Most of my family members refer to me by the colloquial expression "foodie," but I think of myself as more of a gourmand because it's not just that I like food, but rather I like great food. Any title is well-earned growing up in a family consisting masterful cooks. They think nothing of preparing meals of pit barbecued pork, cornbread-dusted catfish, buttermilk batter fried chicken, accompanied by macaroni & cheese, sweet potatoes, and greens. With a lifetime of exposure to such delicacies, what other title should one expect for any sane man?
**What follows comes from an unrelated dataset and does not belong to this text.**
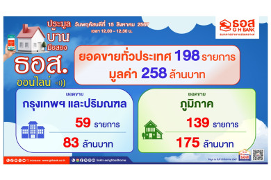 "ธอส." ประมูลบ้านมือสองออนไลน์เดือนส.ค.67 ขายได้ 198 รายการ มูลค่ากว่า 258 ล้านบาท

Some of my earliest memories of foods that I have found comfort with were on the outer banks of North Carolina during summer vacations with my father's family. There, my relatives made a ritual of barbecuing a whole pig. After splitting the pig open, cleaning and spicing it with a mixture of vinegar and peppers, a big pit was wheeled out in to the driveway of our rented beach house. The rack of the pit was well oiled and the pig, so big that it covered the entire surface of the rack, was splayed out. Over the course of the day, the aroma of the roasting pig wafted through the open air surrounding the house, into any open window, door, or crevice of the house, and beyond the shore of the beach. Inquiring minds passing nearby, whom I encountered throughout the day while frolicking in the ocean in anticipation of the coming feast, never hesitated to invite themselves. I relished denying them an invite knowing that otherwise would have meant less for me. At day's end, when the smoked pig reached the goals of my male elders, and my mother and cousins put the finishing touches on the accompanying medley of dishes that typically included, bacon and onion enhanced baked beans, sweet corn on the cob, and far too many desserts. I was able to partake in the most joyous moment of what seemed my existence of the year by filling my belly to its depth with God's gift of all of these delicacies.
Unfortunately, the reunions came once a year, but Adam Richman, star of Travel Channel's Man v. Food, has enlightened me to other comparable culinary delights. When planning college tours, I have studied episodes to find eateries in the area. I never intended to match Richman's prowess at devouring massive amounts of food, that would have been an impossibility, but Richman was, after all, another gourmand whose opinions I valued. Thanks to Richman, I let my hunger loose in the 'cuse with some falling (off the bone) ribs at Dinosaur Bar-B-Que and frittata at Mother's Cupboard. I also indulged with chili dogs at Skyline Chili in Cincinnati and, somewhat ashamedly, the RU Hungry grease trucks on Rutgers' campus.
Unlike Richman, my food battle is not a matter of the quantity I could consume in a matter of time, but rather a quest to find food that my family has taught me to love.